La adicción al sexo, al porno, a la excitación sexual es tan encadenante que el adicto espera su propio placer, sin pensar ni un segundo en otro. Los más simplones, aquellos que se han matado a pajas con un vídeo, son egoístas supinos en la cama. Los que además dan rienda suelta a su imaginación morbosa son capaces de pagar por descargar sus flujos en una mujer tan inconsciente como si estuviera muerta. Porque si estuviera muerta- necrofilia- olería aún más todo a podrido y llevarse esa peste encima, sería poco menos que sospechoso.
Frutos de la sociedad que lo permite
Pero las adicciones no son enfermedades, ni locuras, ni nada eximente de los actos atroces que el hombre pueda hacer. Las adicciones son un reflejo de la debilidad propia, algunas inofensivas, otras destrozan vidas, familias, sociedades enteras. Todas a la larga pasan factura.
El porno daña la socialización humana en lo relacional, en lo íntimo, en lo más íntimo que hay, lo sexual. Y esos hombres, de tanto vivirlo en solitario, en sí mismos, acaban siendo incapaces de relacionarse, de amar, de donarse, de acariciar por sentir la piel suave y mostrar cariño, de contemplar a la mujer en toda su grandeza, de sentir ternura a su lado, de mirarla a los ojos y verla más allá. Ellos son los inútiles, los parias. Son lo que vomitan las feministas histéricas, lo que vomitamos todas.
Una dama
En el otro extremo de la historia está ella, Gisele Pelicot, terriblemente ultrajada por su marido y por todos los que hoy se sientan en un banquillo, hoy es consciente, y se pone de frente para escuchar sus sucias excusas, cobardes falacias.

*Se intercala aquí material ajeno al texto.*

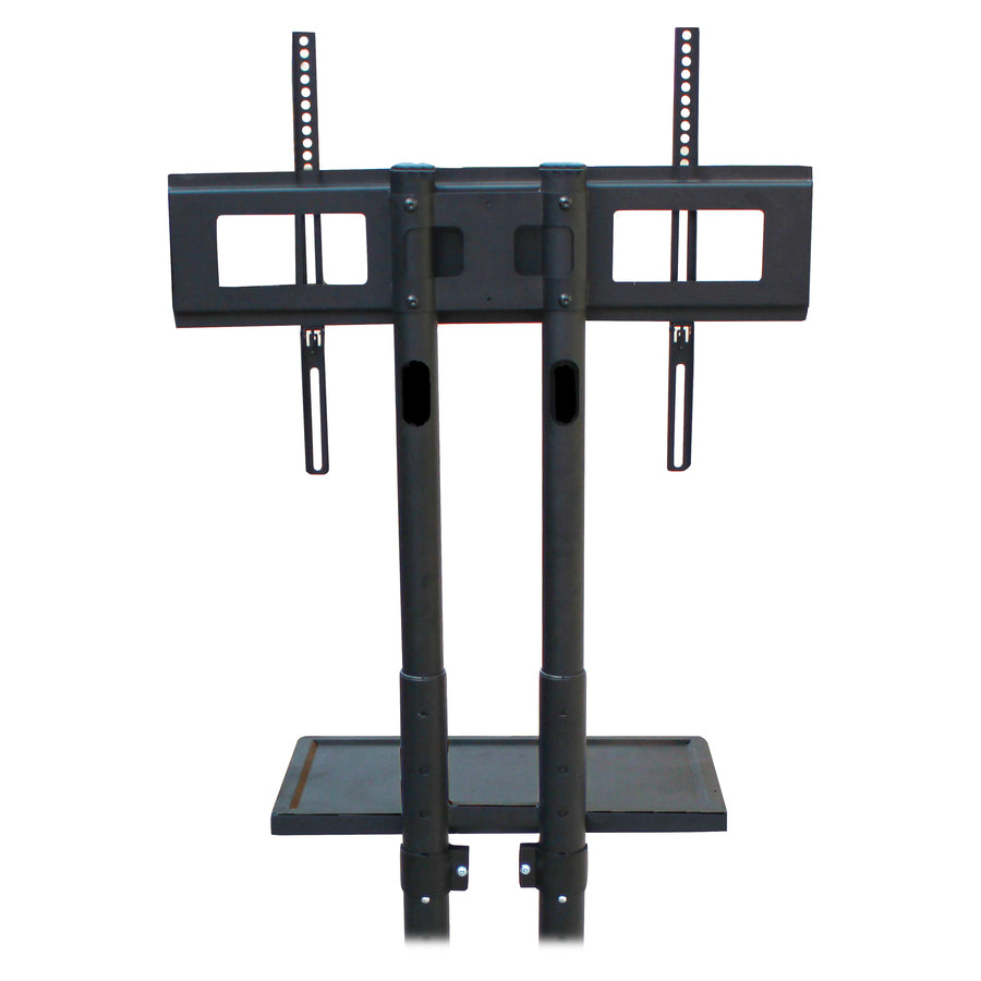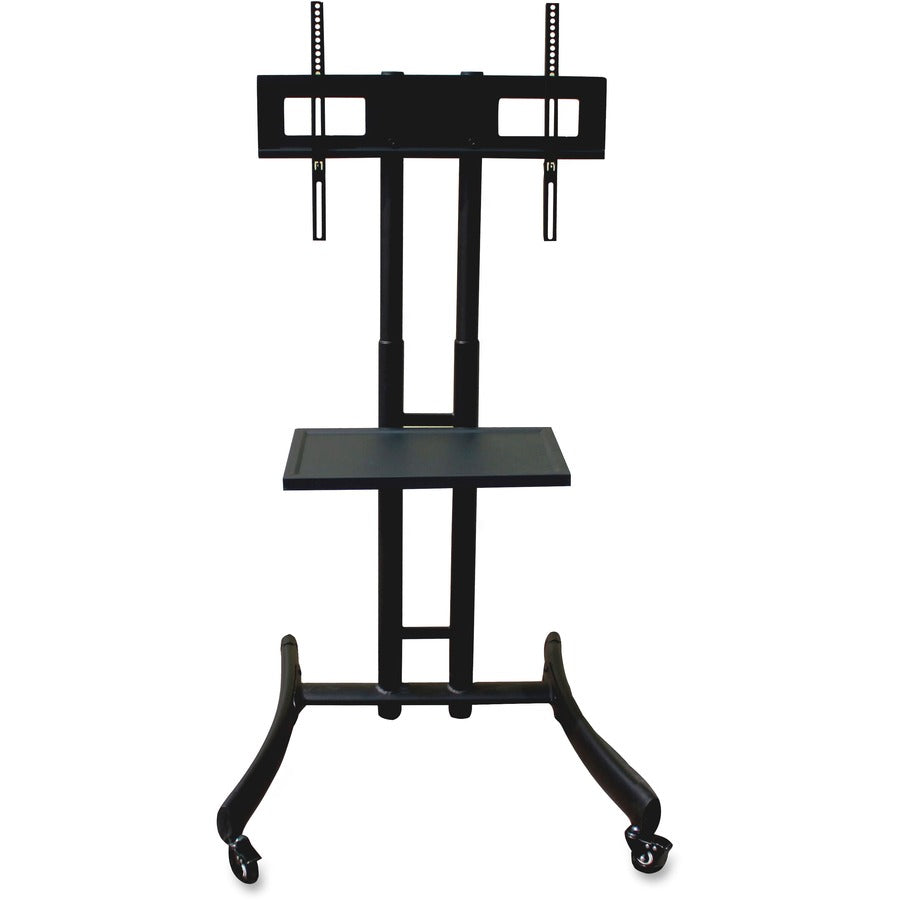 Flat Panel TV Cart holds a large TV up to 61" and 100 lb. in standard horizontal (landscape) orientation. It's great for use in boardrooms, conferences, presentations, mobile kiosks and digital signage. Sturdy steel cart fits all VESA and non-VESA mounting patterns up to 600 x 400 mm. Telescopic height adjustment ranges from 40" to 67" to top of TV mount for high TV placement and good visibility. Large steel shelf holds up to 10 lb. so it's ideal for most A/V components. Four 2-1/2" casters easily and safely roll over floor transitions from carpet to tile, elevators, brick and more. Casters lock into position for stable display. TV cart includes integrated cable management.

Estos días Gisele se hace grande al hacer entrega su vergüenza- la que tienen todas las víctimas de ultraje- a cada uno de ellos. Los mira de frente, con los ojos abiertos, bien despierta y nos enseña que una es grande a pesar de un depravado. Ella nos da una gran lección: la vergüenza es del que ultraja, mira de frente, con la cabeza bien alta.
Yo sería cruel, colérica, terriblemente vengativa. Exigiría fotos públicas, de todo ellos a tamaño fachada, archivo de hombres violadores y castración química a todos sin importar edad o si sólo lo intentó y no consumó. Exigiría la retirada del título y número de colegiado al ginecólogo que me tachó de pesada, quejica, menopáusica… Mandaría al ostracismo al que suministraba las drogas, a todos y cada uno de los malnacidos que se sientan en el banquillo.
Ella, mucho más generosa que yo, se enfrenta a esto por el bien del resto de mujeres que puedan estar sufriendo la misma situación y sospechen: lesiones genitales, pérdida de memoria, ETS de repetición… Muchas no pueden ni denunciar, son presas de mafias, de clanes oscuros, viven de una industria que tal vez les dé de comer pero viven esclavas.
Ella es grande, enorme y da sentido a su vida sacando del mal vivido algo grande en favor del resto.